DATA ->

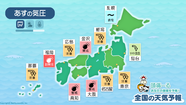 気圧は日中まで安定しますが、夜になると高気圧は次第に離れていき、西日本から大きな低下が始まっていくでしょう。
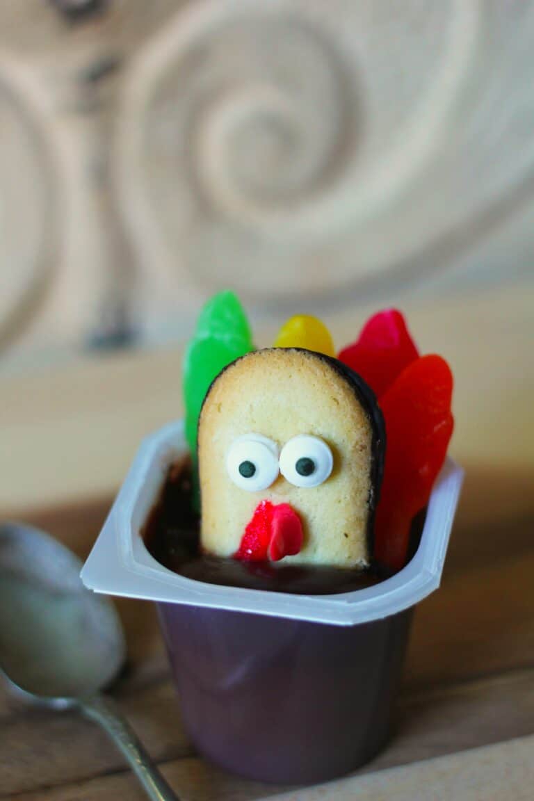 No-bake turkey cookie pudding cups are a sweet treat for Thanksgiving or Fall Harvest party.
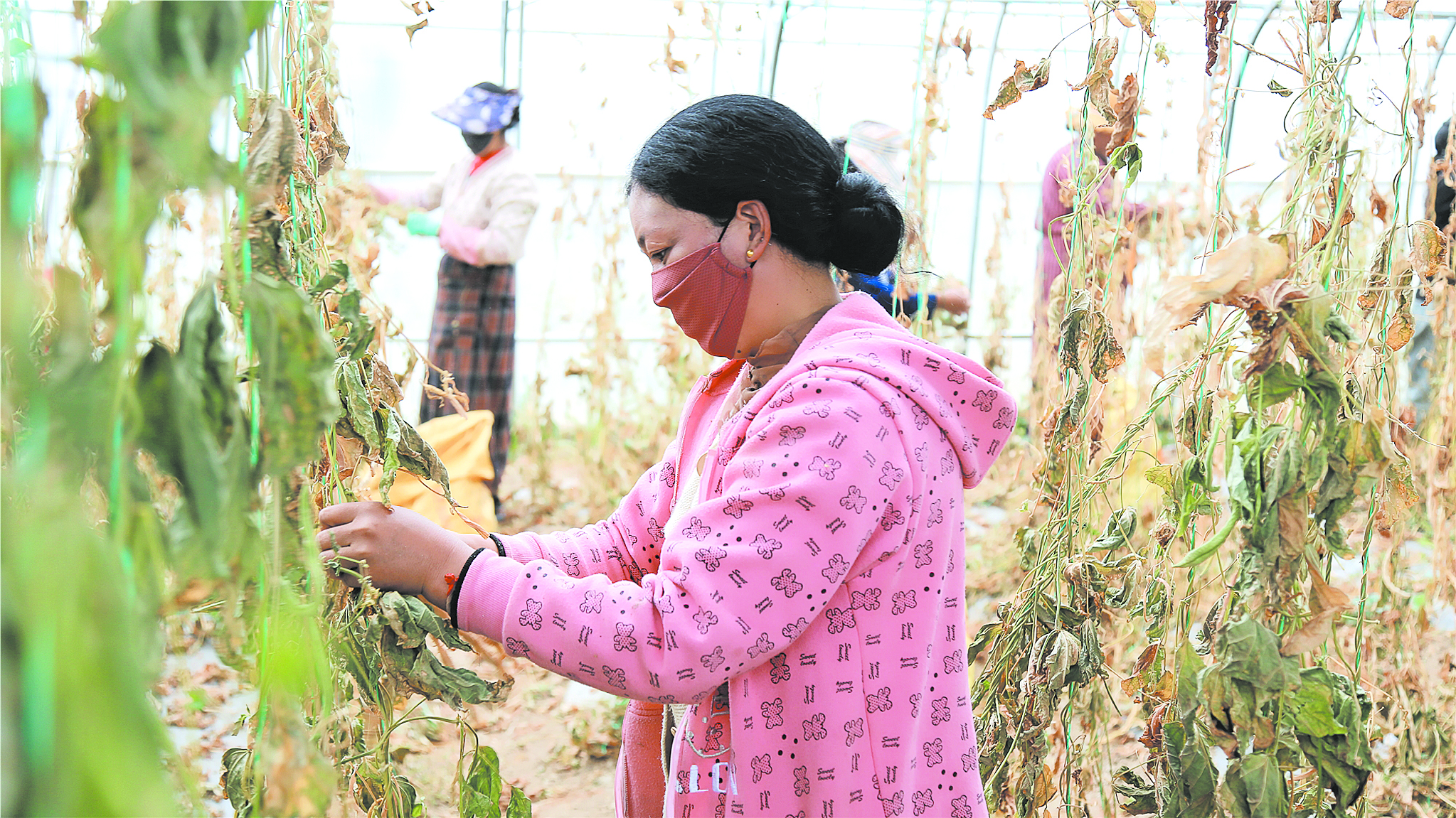正是收獲時(shí)節(jié),在種植無筋豆種的大棚里,根窮卓瑪和其他村民正把成熟后已經(jīng)枯黃的無筋豆莢從藤上摘下來。

WORK TO COMPLETE -> Only the pictures are to be dropped; the rest of the material above must be duplicated exactly.

YOUR SOLUTION ->
 気圧は日中まで安定しますが、夜になると高気圧は次第に離れていき、西日本から大きな低下が始まっていくでしょう。
 No-bake turkey cookie pudding cups are a sweet treat for Thanksgiving or Fall Harvest party.
正是收獲時(shí)節(jié),在種植無筋豆種的大棚里,根窮卓瑪和其他村民正把成熟后已經(jīng)枯黃的無筋豆莢從藤上摘下來。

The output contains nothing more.